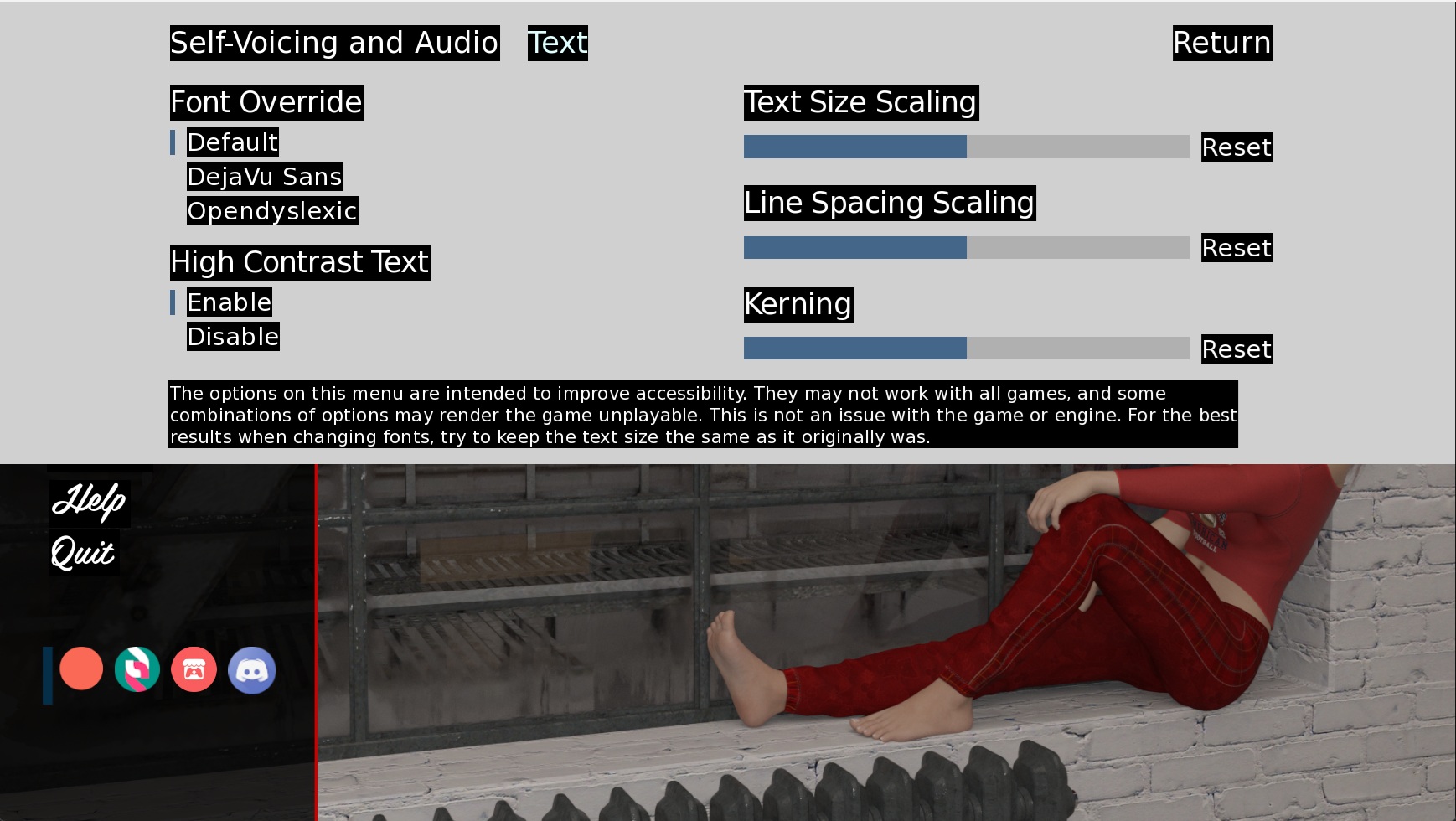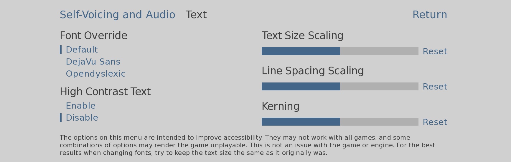 As for the highlight text, I didn't modify or removed any of the accessibility options (at least not on purpose). I'll add some for you (and others of course) in the next version. In the meantime, if you enable the developer's console (Shift+O), and type:
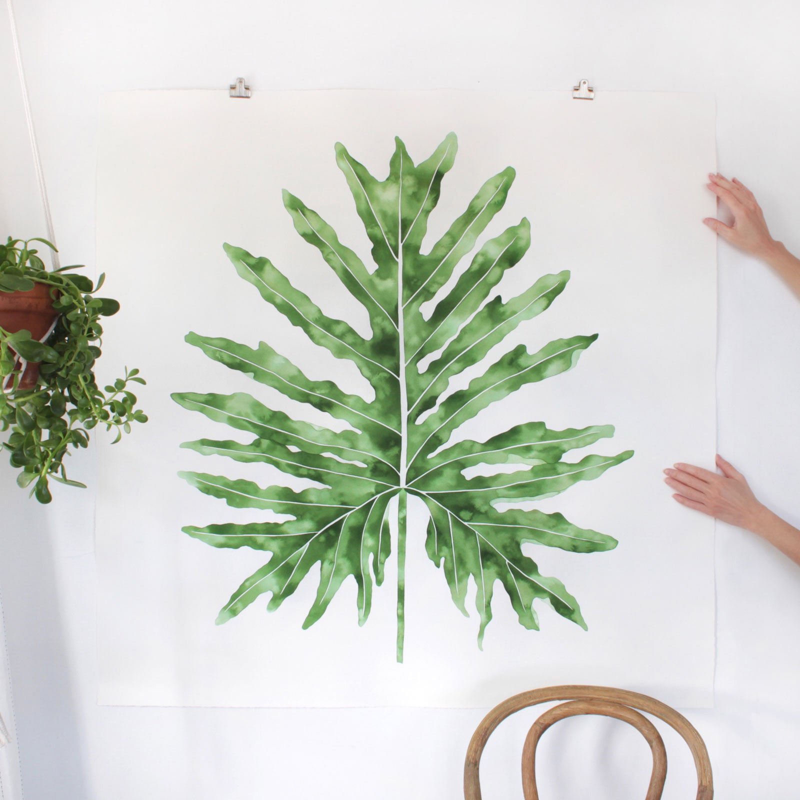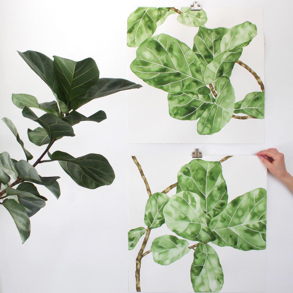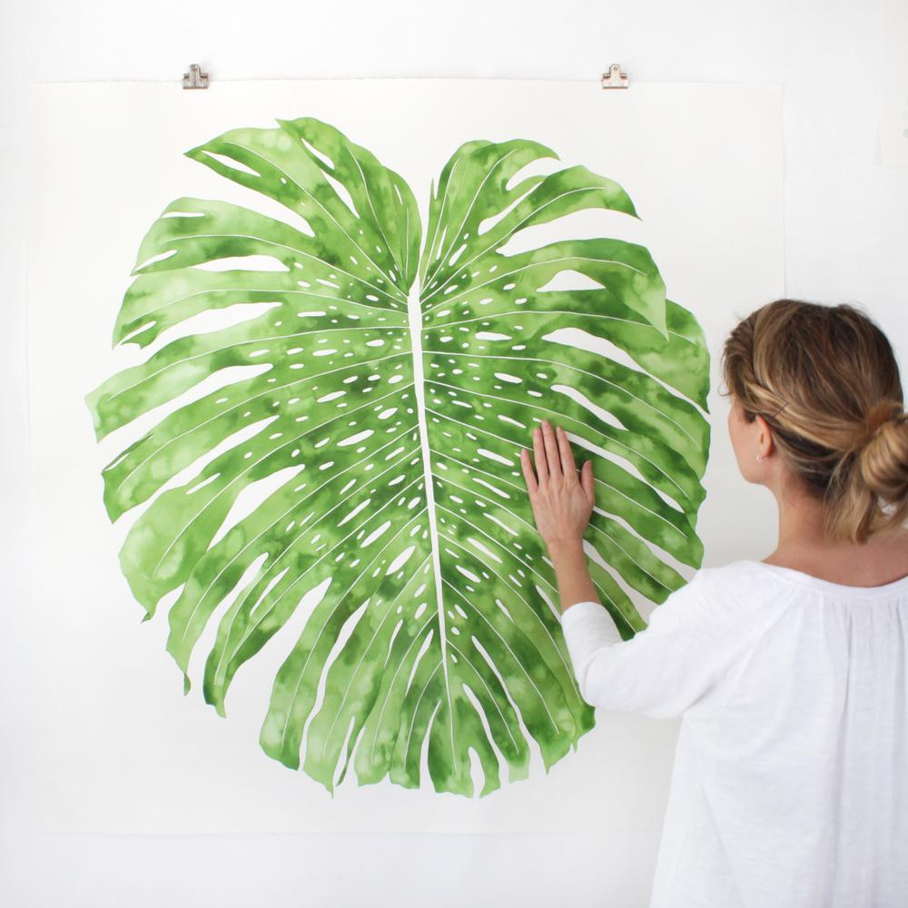 The only bright side was he pulled out lots of amazing reference from the rumble. I rarely take clippings from the plants I reference for my work but when the opportunity presented itself, I took it. Each monstera was collected, sketched, and painted to scale of the actual leaf to show the grandeur of these amazing plants.
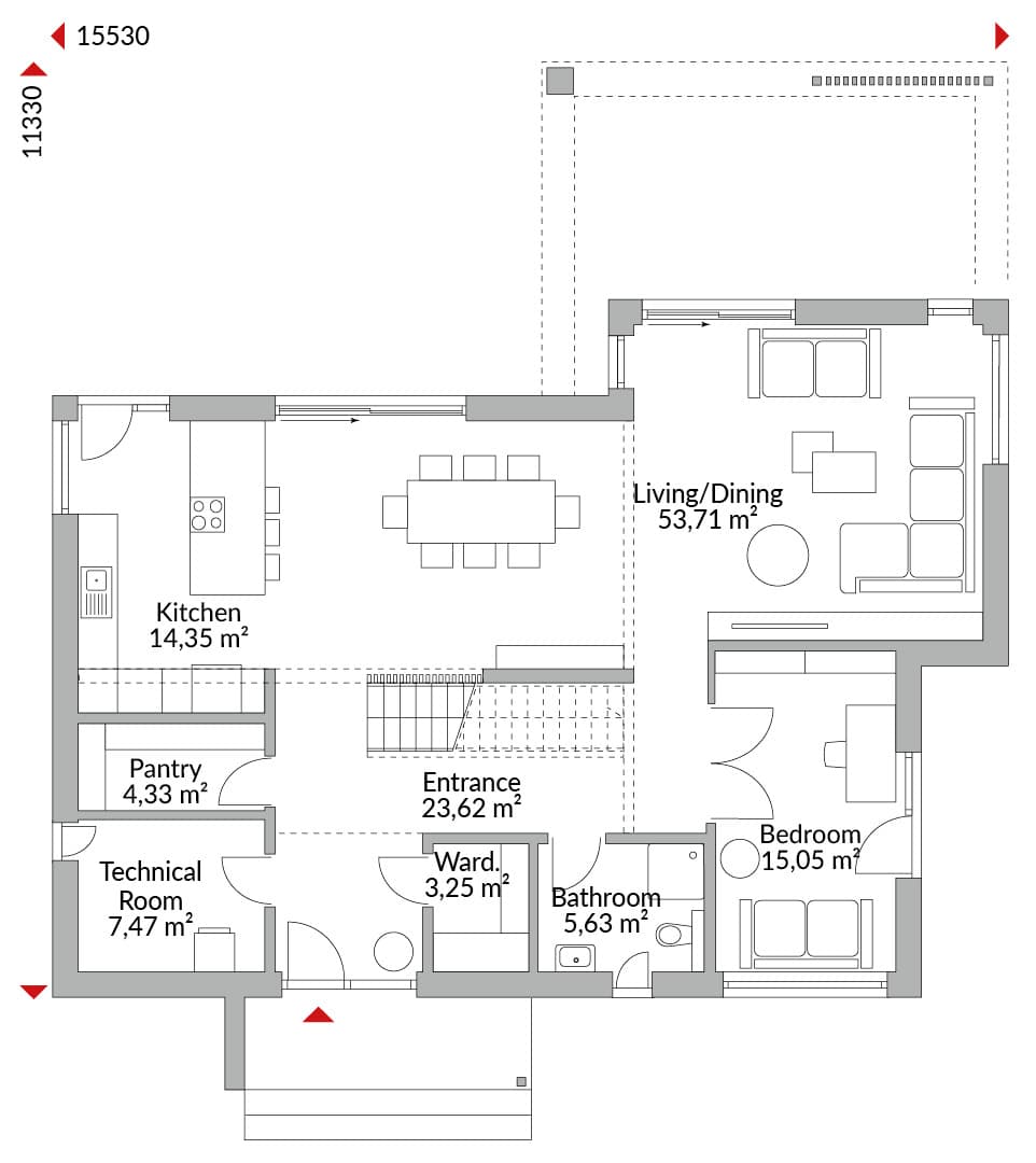 One-and-a-half-storey house with an entrance roof over the higher front door; three bedrooms on the upper floor; master bedroom with rectangular bay window and walk-in dressing room with en-suite, including double sink, free-standing bathtub and shower; second bathroom on the upper floor with bathtub, shower and toilet; hallway; floor-to-ceiling glazing including bay window; separate room on the ground floor. The higher ground floor with raised floor-to-ceiling glazing is designed as an open-plan kitchen/living/dining area with sliding doors to the covered terrace; pantry; technical room; hallway with open void ceiling; cloakroom; guest WC with shower; knee wall height 160cms; gable roof with wide eaves of 60cms; 35° roof pitch.
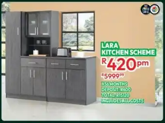 This special is available in various stores, view all products to get the cheapest Lara kitchen scheme. If you'd like to find out whether this product has a bigger discount in another store, check the category 'Home furniture'. You may also find these specials interesting: Oakdale kitchen scheme, Surrey kitchen scheme & Bianca kitchen scheme.

WHAT IS REQUIRED: Output the material verbatim, skipping the images.

REPLY:
 As for the highlight text, I didn't modify or removed any of the accessibility options (at least not on purpose). I'll add some for you (and others of course) in the next version. In the meantime, if you enable the developer's console (Shift+O), and type:
 The only bright side was he pulled out lots of amazing reference from the rumble. I rarely take clippings from the plants I reference for my work but when the opportunity presented itself, I took it. Each monstera was collected, sketched, and painted to scale of the actual leaf to show the grandeur of these amazing plants.
 One-and-a-half-storey house with an entrance roof over the higher front door; three bedrooms on the upper floor; master bedroom with rectangular bay window and walk-in dressing room with en-suite, including double sink, free-standing bathtub and shower; second bathroom on the upper floor with bathtub, shower and toilet; hallway; floor-to-ceiling glazing including bay window; separate room on the ground floor. The higher ground floor with raised floor-to-ceiling glazing is designed as an open-plan kitchen/living/dining area with sliding doors to the covered terrace; pantry; technical room; hallway with open void ceiling; cloakroom; guest WC with shower; knee wall height 160cms; gable roof with wide eaves of 60cms; 35° roof pitch.
 This special is available in various stores, view all products to get the cheapest Lara kitchen scheme. If you'd like to find out whether this product has a bigger discount in another store, check the category 'Home furniture'. You may also find these specials interesting: Oakdale kitchen scheme, Surrey kitchen scheme & Bianca kitchen scheme.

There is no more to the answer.